# [What you will do]
The response should consist solely of the lines running from the line with "Золотое кольцо 750" to the end of the data, retyped exactly.

[[ Data section open ]]

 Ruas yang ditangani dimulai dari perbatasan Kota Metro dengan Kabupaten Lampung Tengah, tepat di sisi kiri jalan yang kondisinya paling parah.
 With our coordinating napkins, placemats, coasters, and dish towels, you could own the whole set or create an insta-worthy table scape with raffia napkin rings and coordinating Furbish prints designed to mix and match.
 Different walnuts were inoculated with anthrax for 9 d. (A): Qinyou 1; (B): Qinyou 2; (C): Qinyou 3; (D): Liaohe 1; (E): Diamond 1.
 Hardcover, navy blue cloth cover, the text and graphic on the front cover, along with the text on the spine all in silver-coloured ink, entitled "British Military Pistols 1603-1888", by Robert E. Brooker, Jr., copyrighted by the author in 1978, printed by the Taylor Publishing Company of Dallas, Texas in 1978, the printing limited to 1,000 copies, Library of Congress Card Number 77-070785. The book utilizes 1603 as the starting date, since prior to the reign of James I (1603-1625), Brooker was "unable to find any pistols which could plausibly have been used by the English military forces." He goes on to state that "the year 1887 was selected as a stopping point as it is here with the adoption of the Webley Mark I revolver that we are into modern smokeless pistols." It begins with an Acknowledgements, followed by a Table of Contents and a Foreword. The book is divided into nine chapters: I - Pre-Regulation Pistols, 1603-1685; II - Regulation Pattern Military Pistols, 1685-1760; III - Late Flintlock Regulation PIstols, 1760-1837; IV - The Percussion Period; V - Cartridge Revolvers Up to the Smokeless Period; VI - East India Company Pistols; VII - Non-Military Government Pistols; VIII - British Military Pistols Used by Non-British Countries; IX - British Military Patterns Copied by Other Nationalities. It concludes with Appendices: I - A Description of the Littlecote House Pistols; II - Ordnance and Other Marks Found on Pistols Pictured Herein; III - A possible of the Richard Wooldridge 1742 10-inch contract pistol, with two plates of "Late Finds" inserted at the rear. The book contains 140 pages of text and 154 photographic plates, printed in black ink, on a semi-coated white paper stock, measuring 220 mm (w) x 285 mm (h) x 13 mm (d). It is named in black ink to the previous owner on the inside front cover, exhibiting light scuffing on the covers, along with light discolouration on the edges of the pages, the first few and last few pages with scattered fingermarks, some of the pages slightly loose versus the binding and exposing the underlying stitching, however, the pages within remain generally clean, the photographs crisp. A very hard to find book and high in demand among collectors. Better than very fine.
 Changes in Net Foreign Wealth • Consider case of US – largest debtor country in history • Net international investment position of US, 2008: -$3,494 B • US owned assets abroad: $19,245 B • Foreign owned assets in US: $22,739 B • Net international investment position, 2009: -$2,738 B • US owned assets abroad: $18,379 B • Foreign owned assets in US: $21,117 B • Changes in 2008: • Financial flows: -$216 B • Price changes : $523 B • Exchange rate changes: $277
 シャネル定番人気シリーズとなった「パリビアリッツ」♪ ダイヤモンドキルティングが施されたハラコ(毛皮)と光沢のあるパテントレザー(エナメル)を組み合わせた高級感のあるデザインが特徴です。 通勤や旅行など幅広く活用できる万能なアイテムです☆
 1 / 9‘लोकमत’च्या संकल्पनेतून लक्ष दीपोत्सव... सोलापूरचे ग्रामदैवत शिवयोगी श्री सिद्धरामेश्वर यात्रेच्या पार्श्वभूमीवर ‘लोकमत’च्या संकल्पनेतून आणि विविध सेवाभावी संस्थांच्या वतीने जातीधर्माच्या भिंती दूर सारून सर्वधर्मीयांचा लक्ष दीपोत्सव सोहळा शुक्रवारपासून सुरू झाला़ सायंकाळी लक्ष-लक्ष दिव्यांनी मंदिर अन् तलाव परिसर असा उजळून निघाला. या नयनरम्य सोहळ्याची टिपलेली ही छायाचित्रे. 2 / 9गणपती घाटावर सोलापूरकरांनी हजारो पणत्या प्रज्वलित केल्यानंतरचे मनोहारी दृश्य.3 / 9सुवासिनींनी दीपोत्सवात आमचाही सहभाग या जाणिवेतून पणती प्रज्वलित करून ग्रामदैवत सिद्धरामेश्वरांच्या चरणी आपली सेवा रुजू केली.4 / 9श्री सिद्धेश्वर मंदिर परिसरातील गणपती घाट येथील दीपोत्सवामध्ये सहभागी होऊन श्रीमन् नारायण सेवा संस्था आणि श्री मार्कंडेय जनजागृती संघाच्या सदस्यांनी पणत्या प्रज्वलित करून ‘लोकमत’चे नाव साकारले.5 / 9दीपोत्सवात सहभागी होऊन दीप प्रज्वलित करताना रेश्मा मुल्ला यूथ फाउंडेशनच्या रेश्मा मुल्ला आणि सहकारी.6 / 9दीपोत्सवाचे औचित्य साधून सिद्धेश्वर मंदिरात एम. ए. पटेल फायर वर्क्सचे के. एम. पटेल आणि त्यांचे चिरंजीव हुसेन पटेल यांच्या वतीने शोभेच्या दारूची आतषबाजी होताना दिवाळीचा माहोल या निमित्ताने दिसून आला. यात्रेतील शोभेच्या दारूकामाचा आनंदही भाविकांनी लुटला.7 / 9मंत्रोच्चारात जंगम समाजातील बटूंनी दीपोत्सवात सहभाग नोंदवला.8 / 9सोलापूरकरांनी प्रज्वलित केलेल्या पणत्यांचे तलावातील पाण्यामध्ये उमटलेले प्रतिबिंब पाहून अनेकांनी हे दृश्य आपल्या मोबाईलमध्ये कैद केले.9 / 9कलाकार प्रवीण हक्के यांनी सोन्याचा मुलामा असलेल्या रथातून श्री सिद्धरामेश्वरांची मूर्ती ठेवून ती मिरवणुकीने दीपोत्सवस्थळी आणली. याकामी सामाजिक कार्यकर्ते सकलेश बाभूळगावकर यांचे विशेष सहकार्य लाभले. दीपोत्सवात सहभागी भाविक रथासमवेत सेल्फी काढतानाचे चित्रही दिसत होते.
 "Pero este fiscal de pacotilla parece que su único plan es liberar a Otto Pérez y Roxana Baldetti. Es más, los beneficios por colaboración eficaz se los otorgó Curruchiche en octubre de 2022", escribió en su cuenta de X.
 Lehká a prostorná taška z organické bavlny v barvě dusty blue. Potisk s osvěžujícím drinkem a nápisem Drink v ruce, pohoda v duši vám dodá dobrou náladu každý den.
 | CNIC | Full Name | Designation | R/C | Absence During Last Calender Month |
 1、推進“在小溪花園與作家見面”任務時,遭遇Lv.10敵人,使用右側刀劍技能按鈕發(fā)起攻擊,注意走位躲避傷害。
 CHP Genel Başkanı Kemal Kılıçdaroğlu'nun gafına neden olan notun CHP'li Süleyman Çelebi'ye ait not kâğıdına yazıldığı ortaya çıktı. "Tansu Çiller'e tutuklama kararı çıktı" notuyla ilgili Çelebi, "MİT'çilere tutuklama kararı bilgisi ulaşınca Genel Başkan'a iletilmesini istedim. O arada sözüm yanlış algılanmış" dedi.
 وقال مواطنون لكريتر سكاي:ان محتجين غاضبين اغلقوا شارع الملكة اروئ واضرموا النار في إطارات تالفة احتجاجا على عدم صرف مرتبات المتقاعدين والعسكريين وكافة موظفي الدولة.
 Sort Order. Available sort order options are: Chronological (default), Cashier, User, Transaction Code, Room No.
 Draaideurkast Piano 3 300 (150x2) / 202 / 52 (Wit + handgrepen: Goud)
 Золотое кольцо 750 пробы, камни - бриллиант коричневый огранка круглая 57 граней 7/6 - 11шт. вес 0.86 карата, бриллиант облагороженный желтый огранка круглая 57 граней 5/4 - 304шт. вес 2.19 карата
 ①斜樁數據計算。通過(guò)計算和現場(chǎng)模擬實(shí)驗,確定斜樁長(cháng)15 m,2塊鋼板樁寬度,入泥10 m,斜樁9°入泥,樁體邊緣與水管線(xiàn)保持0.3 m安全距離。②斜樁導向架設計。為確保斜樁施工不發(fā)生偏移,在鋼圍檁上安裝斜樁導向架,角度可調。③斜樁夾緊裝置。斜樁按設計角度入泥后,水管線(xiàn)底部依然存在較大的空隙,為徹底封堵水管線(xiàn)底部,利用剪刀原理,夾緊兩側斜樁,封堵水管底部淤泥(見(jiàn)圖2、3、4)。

[[ Data section closed ]]

# [Reply]
 Золотое кольцо 750 пробы, камни - бриллиант коричневый огранка круглая 57 граней 7/6 - 11шт. вес 0.86 карата, бриллиант облагороженный желтый огранка круглая 57 граней 5/4 - 304шт. вес 2.19 карата
 ①斜樁數據計算。通過(guò)計算和現場(chǎng)模擬實(shí)驗,確定斜樁長(cháng)15 m,2塊鋼板樁寬度,入泥10 m,斜樁9°入泥,樁體邊緣與水管線(xiàn)保持0.3 m安全距離。②斜樁導向架設計。為確保斜樁施工不發(fā)生偏移,在鋼圍檁上安裝斜樁導向架,角度可調。③斜樁夾緊裝置。斜樁按設計角度入泥后,水管線(xiàn)底部依然存在較大的空隙,為徹底封堵水管線(xiàn)底部,利用剪刀原理,夾緊兩側斜樁,封堵水管底部淤泥(見(jiàn)圖2、3、4)。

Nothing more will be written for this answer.